:: Material provided ::

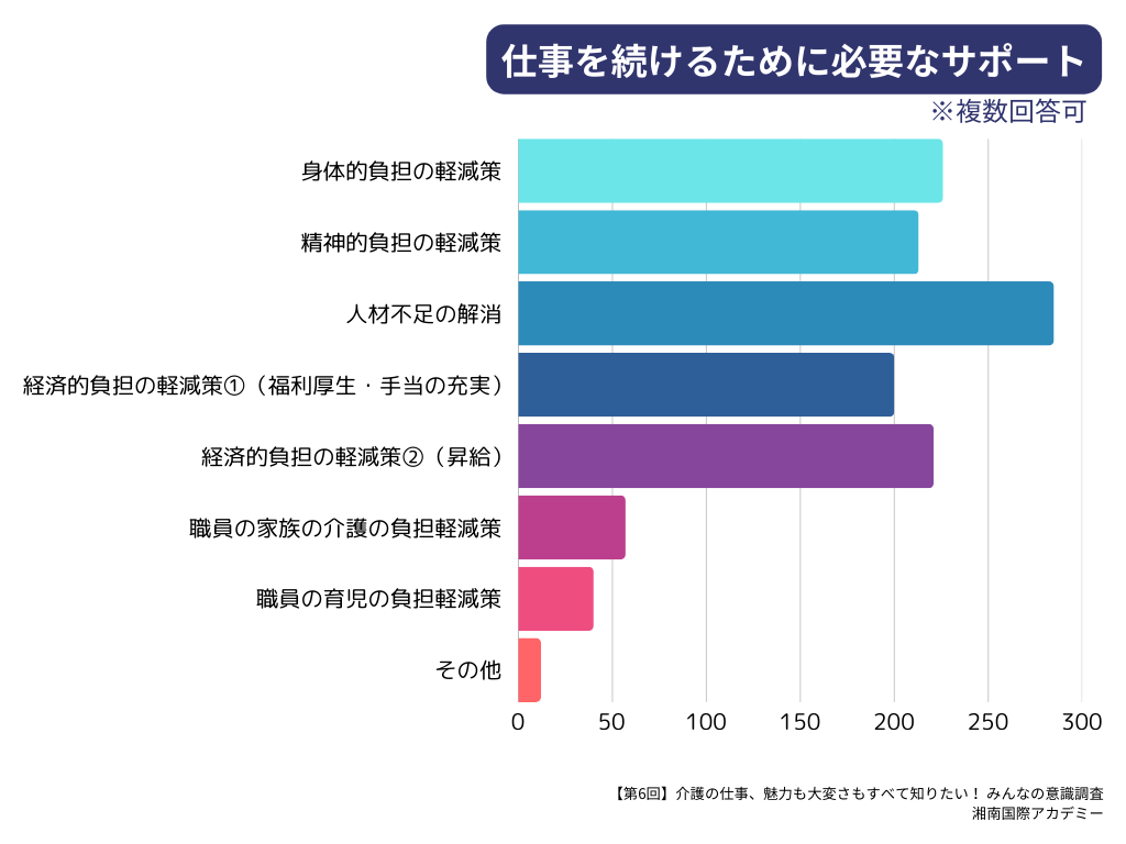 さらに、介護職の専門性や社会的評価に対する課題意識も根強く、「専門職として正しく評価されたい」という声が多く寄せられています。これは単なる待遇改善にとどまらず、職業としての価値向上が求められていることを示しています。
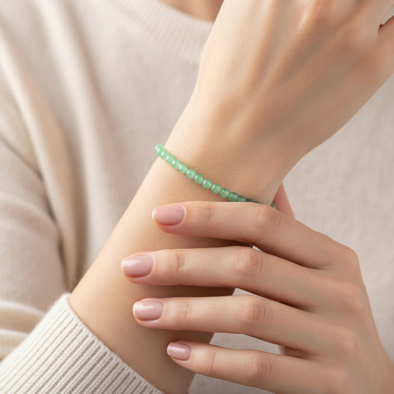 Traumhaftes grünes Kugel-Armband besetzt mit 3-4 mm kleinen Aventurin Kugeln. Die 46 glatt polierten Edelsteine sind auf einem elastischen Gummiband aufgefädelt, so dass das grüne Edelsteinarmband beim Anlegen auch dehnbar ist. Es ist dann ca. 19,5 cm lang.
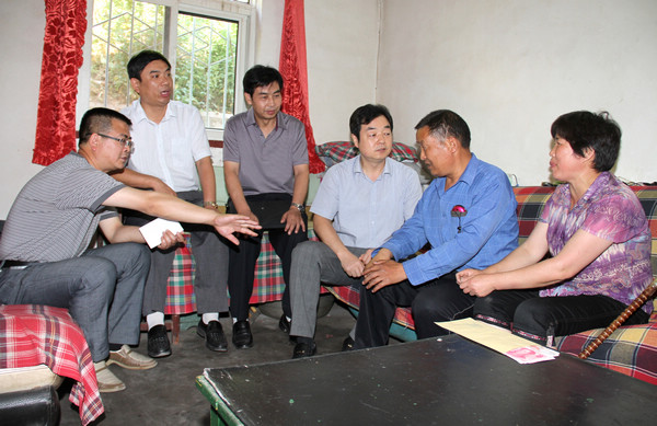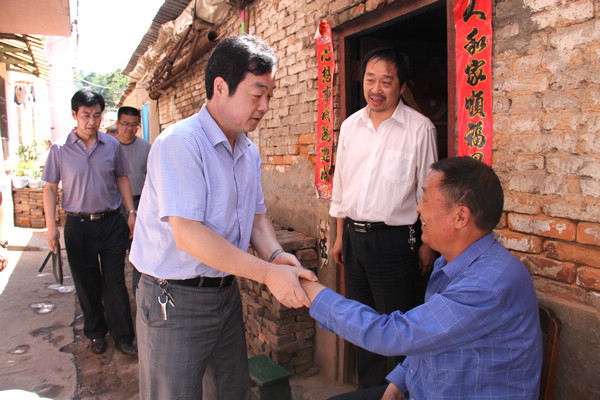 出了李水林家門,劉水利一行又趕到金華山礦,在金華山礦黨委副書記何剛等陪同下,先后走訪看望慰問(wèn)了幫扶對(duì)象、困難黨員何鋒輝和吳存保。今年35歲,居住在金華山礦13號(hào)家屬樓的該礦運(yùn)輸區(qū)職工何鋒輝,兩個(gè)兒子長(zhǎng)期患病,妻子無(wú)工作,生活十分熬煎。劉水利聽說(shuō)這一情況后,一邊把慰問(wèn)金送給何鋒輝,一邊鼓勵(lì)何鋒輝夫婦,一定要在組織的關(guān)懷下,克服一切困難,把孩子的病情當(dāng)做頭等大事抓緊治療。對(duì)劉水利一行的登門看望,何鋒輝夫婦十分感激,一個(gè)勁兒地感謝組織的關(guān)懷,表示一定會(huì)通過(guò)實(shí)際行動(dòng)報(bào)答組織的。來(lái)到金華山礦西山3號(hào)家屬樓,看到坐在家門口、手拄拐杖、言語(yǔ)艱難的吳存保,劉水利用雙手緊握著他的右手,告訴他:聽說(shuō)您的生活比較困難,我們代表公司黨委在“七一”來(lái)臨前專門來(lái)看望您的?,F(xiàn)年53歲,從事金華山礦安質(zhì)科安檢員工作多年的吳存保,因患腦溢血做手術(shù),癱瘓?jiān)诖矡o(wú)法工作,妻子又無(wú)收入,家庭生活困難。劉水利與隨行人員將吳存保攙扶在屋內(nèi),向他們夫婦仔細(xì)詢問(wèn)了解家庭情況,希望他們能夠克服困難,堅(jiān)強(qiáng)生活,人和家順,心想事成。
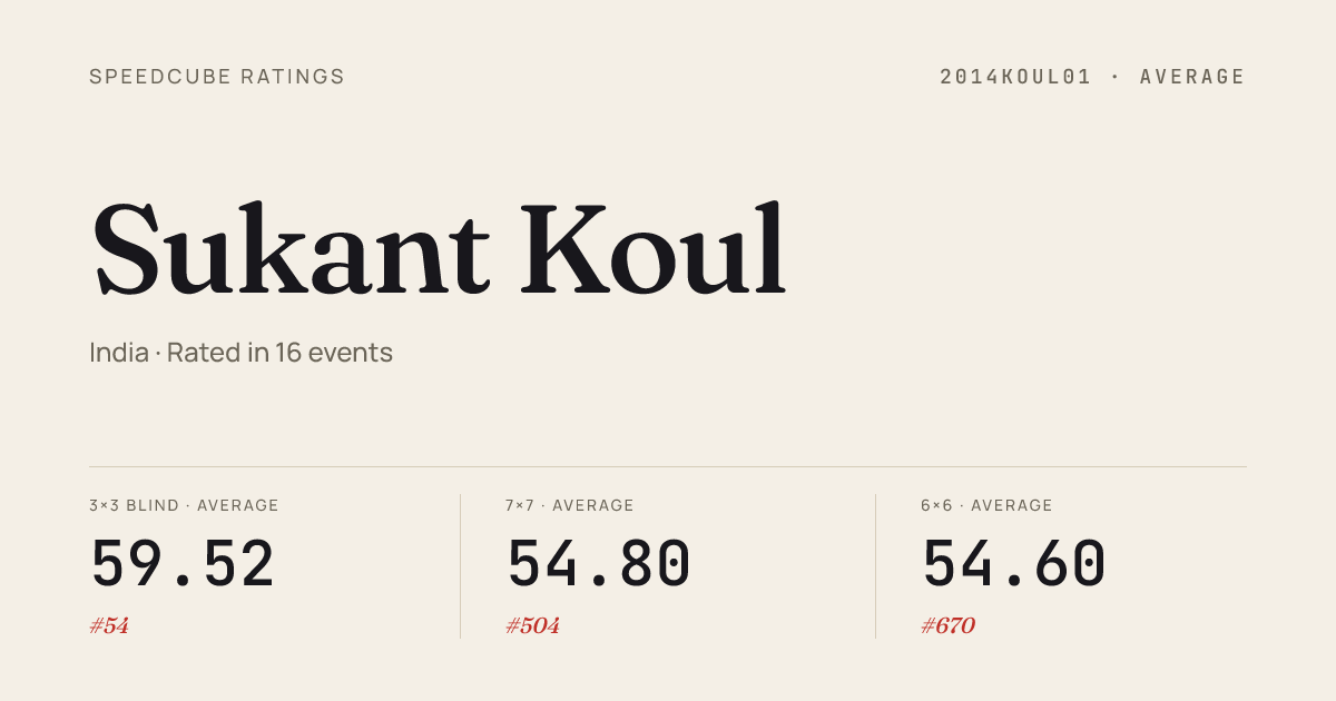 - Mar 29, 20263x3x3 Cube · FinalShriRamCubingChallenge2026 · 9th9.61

:::
:: Material provided ::

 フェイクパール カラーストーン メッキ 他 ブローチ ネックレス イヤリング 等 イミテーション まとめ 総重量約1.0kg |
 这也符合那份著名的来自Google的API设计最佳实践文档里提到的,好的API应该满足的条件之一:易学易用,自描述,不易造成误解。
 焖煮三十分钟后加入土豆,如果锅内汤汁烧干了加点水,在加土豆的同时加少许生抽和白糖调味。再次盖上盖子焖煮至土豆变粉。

:::

Exact duplication is required for the lines above, from the line that contains "这也符合那份著名的来自Goo" to the line that contains "焖煮三十分钟后加入土豆,如果", inclusive; omit all others.

 这也符合那份著名的来自Google的API设计最佳实践文档里提到的,好的API应该满足的条件之一:易学易用,自描述,不易造成误解。
 焖煮三十分钟后加入土豆,如果锅内汤汁烧干了加点水,在加土豆的同时加少许生抽和白糖调味。再次盖上盖子焖煮至土豆变粉。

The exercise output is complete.